■ **THE PROBLEM**
Only the lines containing the string "стадион" are needed; copy all of them from the listing.
(ENTRIES SHOWN begins)
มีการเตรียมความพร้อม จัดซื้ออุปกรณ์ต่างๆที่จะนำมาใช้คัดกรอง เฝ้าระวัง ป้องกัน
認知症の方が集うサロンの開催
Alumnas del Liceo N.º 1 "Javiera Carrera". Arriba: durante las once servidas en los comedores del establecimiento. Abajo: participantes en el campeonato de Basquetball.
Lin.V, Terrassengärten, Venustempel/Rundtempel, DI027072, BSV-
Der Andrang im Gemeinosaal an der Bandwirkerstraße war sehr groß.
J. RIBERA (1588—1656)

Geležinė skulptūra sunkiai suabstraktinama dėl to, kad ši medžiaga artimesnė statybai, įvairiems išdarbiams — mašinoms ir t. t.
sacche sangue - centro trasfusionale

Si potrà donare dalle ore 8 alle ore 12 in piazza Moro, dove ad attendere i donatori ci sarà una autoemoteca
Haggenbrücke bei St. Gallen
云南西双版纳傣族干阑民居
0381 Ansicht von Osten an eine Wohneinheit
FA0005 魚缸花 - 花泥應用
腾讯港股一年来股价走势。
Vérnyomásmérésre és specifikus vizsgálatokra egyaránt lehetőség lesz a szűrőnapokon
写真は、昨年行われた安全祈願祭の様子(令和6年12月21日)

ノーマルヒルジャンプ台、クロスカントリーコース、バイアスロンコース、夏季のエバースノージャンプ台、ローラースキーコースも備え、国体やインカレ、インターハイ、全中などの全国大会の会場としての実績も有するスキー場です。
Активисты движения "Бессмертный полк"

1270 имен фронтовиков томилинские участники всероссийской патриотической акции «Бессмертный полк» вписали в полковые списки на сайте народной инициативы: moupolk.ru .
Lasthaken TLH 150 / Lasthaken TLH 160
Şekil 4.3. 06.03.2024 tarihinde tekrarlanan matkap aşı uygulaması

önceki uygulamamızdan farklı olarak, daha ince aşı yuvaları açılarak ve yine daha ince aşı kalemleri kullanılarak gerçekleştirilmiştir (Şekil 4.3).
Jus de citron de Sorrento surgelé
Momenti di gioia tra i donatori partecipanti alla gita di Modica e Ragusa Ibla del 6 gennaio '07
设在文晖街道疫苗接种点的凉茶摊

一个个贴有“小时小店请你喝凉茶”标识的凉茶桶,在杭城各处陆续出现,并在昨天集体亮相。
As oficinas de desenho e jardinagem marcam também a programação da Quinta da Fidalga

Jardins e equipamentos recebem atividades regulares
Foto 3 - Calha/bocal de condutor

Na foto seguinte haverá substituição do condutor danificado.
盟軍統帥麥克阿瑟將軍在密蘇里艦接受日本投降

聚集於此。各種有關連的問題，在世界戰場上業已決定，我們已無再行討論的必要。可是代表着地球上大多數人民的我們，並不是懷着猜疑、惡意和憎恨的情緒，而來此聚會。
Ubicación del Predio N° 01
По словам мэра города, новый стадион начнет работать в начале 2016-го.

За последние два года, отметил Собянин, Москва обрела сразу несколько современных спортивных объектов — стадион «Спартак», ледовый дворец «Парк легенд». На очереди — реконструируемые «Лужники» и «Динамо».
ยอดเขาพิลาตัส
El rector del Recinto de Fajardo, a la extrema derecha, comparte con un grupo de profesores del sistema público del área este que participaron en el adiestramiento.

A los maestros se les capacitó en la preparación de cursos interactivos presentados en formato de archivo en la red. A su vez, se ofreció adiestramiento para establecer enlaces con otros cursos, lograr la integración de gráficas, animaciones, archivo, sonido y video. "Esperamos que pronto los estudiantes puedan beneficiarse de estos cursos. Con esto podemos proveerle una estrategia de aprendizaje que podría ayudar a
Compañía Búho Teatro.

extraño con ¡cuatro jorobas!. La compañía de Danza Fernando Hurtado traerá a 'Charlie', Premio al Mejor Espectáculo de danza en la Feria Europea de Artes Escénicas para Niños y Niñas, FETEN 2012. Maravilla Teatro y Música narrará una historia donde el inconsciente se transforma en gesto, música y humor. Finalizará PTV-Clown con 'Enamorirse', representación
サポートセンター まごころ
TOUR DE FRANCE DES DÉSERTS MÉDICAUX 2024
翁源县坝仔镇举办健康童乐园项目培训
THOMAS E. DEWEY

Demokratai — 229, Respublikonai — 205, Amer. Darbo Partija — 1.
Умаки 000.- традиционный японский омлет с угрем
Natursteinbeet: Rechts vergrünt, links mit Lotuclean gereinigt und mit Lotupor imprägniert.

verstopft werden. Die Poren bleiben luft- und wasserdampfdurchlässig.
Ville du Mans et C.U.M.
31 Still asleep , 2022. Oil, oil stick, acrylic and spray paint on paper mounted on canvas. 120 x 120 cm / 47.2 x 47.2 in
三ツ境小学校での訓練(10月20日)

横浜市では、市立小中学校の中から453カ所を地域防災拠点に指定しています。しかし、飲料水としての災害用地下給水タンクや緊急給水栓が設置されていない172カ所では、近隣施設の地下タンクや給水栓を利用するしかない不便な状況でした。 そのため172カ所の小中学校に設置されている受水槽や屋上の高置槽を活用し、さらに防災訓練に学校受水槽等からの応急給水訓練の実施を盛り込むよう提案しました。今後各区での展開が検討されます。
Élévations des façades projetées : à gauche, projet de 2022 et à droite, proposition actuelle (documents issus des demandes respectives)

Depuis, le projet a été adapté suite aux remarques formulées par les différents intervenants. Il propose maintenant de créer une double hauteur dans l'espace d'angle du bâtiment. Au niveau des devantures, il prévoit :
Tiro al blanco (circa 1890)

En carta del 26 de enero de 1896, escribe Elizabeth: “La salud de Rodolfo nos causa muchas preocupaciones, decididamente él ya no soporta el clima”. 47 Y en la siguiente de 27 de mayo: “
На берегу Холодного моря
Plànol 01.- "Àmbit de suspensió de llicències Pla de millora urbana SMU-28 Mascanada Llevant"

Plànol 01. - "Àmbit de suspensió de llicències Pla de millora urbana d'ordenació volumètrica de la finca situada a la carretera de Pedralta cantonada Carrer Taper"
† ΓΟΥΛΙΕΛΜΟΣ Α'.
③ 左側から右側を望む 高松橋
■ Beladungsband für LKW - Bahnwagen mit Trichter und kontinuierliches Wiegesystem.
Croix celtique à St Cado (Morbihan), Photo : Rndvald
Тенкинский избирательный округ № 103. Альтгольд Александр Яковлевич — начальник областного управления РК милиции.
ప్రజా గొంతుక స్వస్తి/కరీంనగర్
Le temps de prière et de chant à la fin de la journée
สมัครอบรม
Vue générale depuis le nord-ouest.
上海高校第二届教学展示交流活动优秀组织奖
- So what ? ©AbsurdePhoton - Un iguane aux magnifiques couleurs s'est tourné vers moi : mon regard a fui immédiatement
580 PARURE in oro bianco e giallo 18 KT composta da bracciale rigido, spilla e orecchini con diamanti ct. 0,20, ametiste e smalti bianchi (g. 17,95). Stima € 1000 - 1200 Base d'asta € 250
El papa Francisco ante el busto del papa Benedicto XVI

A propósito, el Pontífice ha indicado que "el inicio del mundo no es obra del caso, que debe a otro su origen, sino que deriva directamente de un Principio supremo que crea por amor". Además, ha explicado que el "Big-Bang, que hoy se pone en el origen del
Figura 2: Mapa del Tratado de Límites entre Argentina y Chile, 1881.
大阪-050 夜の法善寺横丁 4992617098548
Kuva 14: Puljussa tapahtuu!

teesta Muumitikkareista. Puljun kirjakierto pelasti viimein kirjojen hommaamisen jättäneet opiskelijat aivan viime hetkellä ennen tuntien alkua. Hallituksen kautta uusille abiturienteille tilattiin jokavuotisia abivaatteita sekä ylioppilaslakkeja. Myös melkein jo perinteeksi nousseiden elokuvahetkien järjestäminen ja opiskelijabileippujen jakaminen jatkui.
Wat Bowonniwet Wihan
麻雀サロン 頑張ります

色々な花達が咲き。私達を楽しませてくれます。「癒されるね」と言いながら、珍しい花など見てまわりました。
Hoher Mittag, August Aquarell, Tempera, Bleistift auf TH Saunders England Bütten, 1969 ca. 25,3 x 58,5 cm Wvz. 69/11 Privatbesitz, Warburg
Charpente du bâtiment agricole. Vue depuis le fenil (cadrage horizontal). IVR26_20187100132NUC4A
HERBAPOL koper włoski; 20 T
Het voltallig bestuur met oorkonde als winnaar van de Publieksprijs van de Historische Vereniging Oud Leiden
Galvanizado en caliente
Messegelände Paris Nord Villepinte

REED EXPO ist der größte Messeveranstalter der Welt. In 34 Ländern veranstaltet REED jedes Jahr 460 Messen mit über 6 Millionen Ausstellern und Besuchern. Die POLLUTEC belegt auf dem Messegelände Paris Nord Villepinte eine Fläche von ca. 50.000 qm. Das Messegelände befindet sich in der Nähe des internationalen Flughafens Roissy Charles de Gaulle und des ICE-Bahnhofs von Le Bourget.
(ENTRIES SHOWN ends)
■ **OUTPUT OF THE TASK**
По словам мэра города, новый стадион начнет работать в начале 2016-го.
За последние два года, отметил Собянин, Москва обрела сразу несколько современных спортивных объектов — стадион «Спартак», ледовый дворец «Парк легенд». На очереди — реконструируемые «Лужники» и «Динамо».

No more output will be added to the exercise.